Alarico si dimostrò un avversario astuto, costringendo Roma a sborsare un altro riscatto e nominando persino, per un certo periodo, un imperatore fantoccio rivale di Onorio. Nell’estate del 410, l’orda visigota guidata da Alarico marciò faticosamente lungo la penisola italiana. Le tangenti, la diplomazia e la forza militare che avevano tenuto a bada i Goti erano ormai venute meno; negli anni precedenti Alarico aveva già assediato Roma due volte, ma ora che le sue richieste esorbitanti (oltre duemila chili d’oro, tredicimila d’argento, quattromila vestiti di seta, tremila abiti di lana scarlatta, e quintali di pepe) venivano respinte da Onorio – rifugiatosi nelle paludi di Ravenna – intendeva prendere Roma e saccheggiarla.
A quel tempo Roma non era più una città politicamente importante: la capitale dell’Occidente era diventata Ravenna, mentre l’Oriente era governato da Costantinopoli.
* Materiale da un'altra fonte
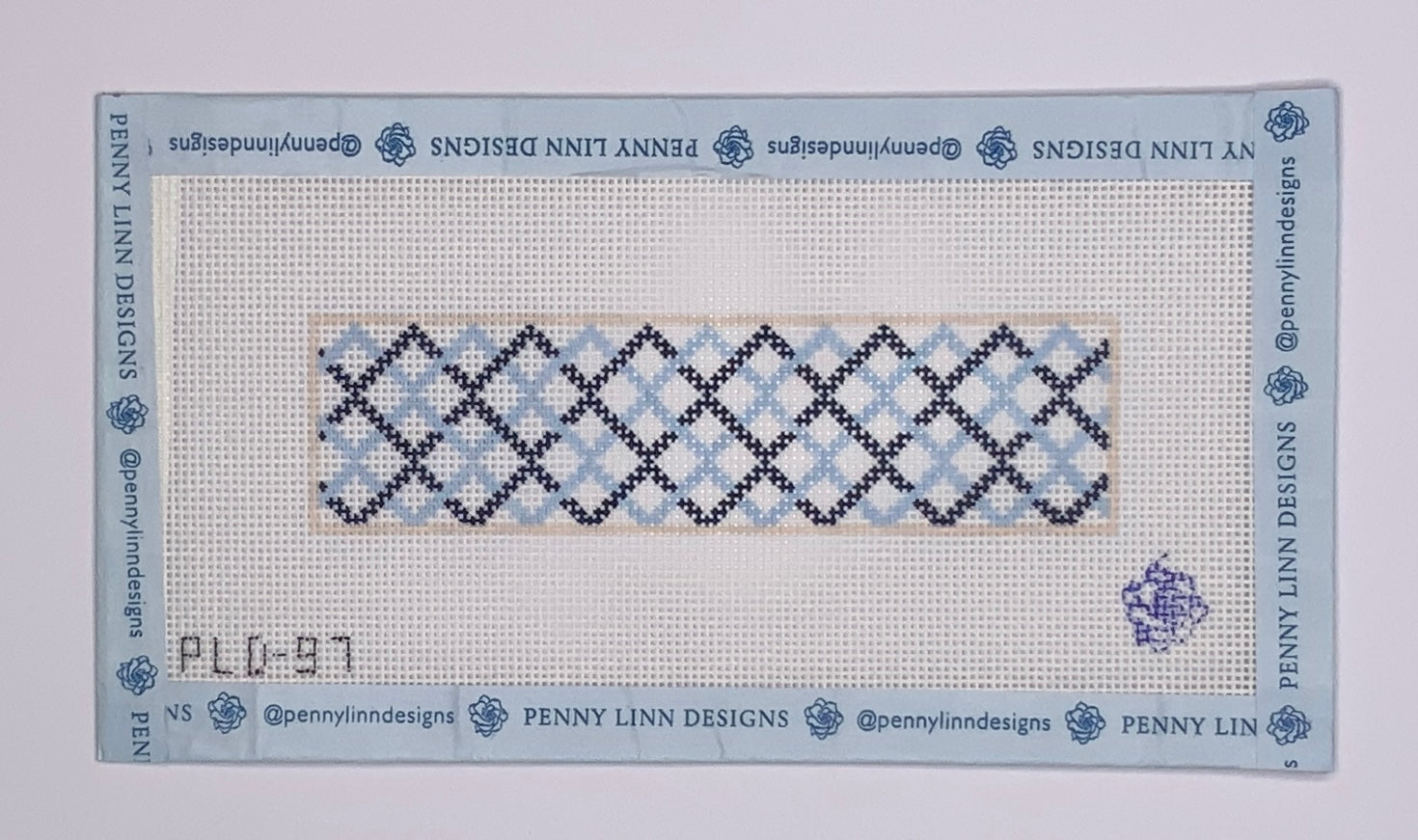 "Double Blue Lattice Key Fob" painted canvas by Penny Linn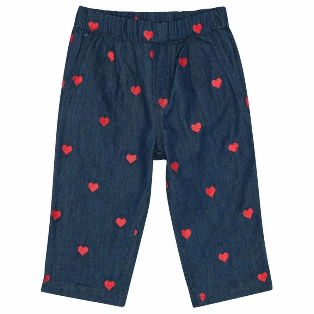 - Pantalon Amee en denim léger tissé, 100 % coton, avec broderie en forme de cœur sur tout le pourtour.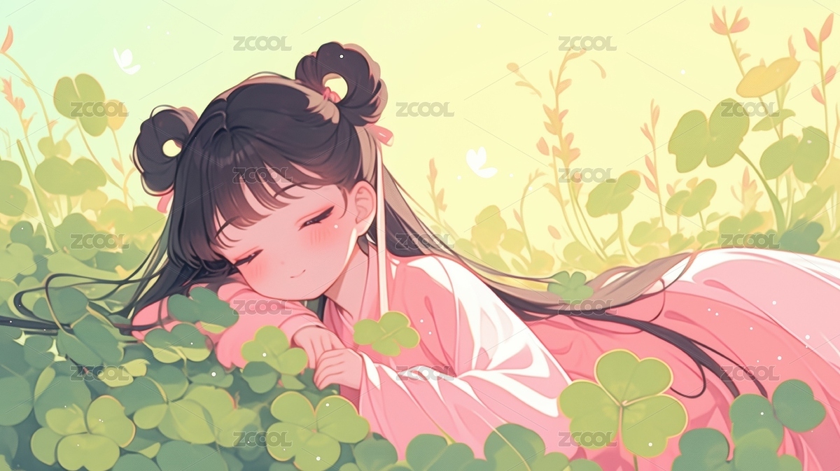 少女在四叶草中微笑

La “città eterna” era stata dissanguata delle sue ricchezze dai numerosi attacchi delle popolazioni barbariche, ma era ancora una città grande e prospera che Alarico era intenzionato a saccheggiare.
Il 24 agosto del 410, attraverso la Porta Salaria, Alarico entrò nella città con le sue truppe: era la prima volta in oltre settecento anni che Roma veniva conquistata da un nemico. Il saccheggio proseguì per tre giorni ma, nonostante tutto, la città incuteva ancora rispetto agli invasori: i Visigoti si erano convertiti al Cristianesimo (anche se di fede ariana, che era ormai fuori moda a Roma), e risparmiarono quindi i luoghi di culto. Secondo lo storico Orosio, fu ordinato di non toccare i luoghi sacri, in particolare San Pietro, e di utilizzare alcune chiese come rifugi inviolabili. Tuttavia, i tre giorni che seguirono videro omicidi, stupri, saccheggi e cattura di schiavi fino a che Alarico, che in realtà non mirava a distruggere Roma, ordinò la tregua e le sue forze si ritirarono.
Il capo visigoto non sopravvisse a lungo alla sua conquista: lasciata Roma si diresse a Sud e pochi mesi dopo, colto da febbri, morì nei pressi di Cosenza. Secondo la leggenda venne sepolto insieme ai suoi tesori nel fiume Busento, che fu deviato con un’imponente opera di ingegneria. Il suo popolo finì per migrare verso Nord, stabilendosi nella Gallia meridionale e in Spagna, dove fondò un regno indipendente sulle rovine dell’impero.
In seguito, Roma avrebbe subito un trattamento ben peggiore da parte degli invasori. Nel 455 i Vandali lanciarono un attacco molto più devastante; nell’846, undicimila predoni arabi saccheggiarono la Basilica di San Pietro e nel 1527 le truppe tedesche, molte delle quali luterane, saccheggiarono Roma in quello che fu probabilmente l’attacco più distruttivo che la città abbia mai subito. Ma l’effetto psicologico della caduta di Roma nel 410 fu enorme: nei suoi scritti, San Girolamo rifletteva su come «la città che aveva conquistato il mondo intero fosse stata a sua volta conquistata» e come un mero simbolo di potere potesse essere trasformato in cenere. Il mondo antico fu sconvolto da questi eventi e portò molti a incolpare l’adesione al cristianesimo per la distruzione. A questa accusa rispose Sant’Agostino con l’epica opera La Città di Dio, confutando non solo tali teorie, ma rivolgendosi ai principi cristiani per comprendere a fondo la storia dell’impero romano.
A lungo termine, l’attacco del 410 sarebbe stato oscurato dalla caduta dell’intero Impero Romano d’Occidente. Nel 476, il generale barbaro Odoacre tolse la corona imperiale all’ultimo imperatore, il giovane Romolo Augusto, e lo rimandò a casa.
La sua deposizione segna convenzionalmente l’inizio del Medioevo.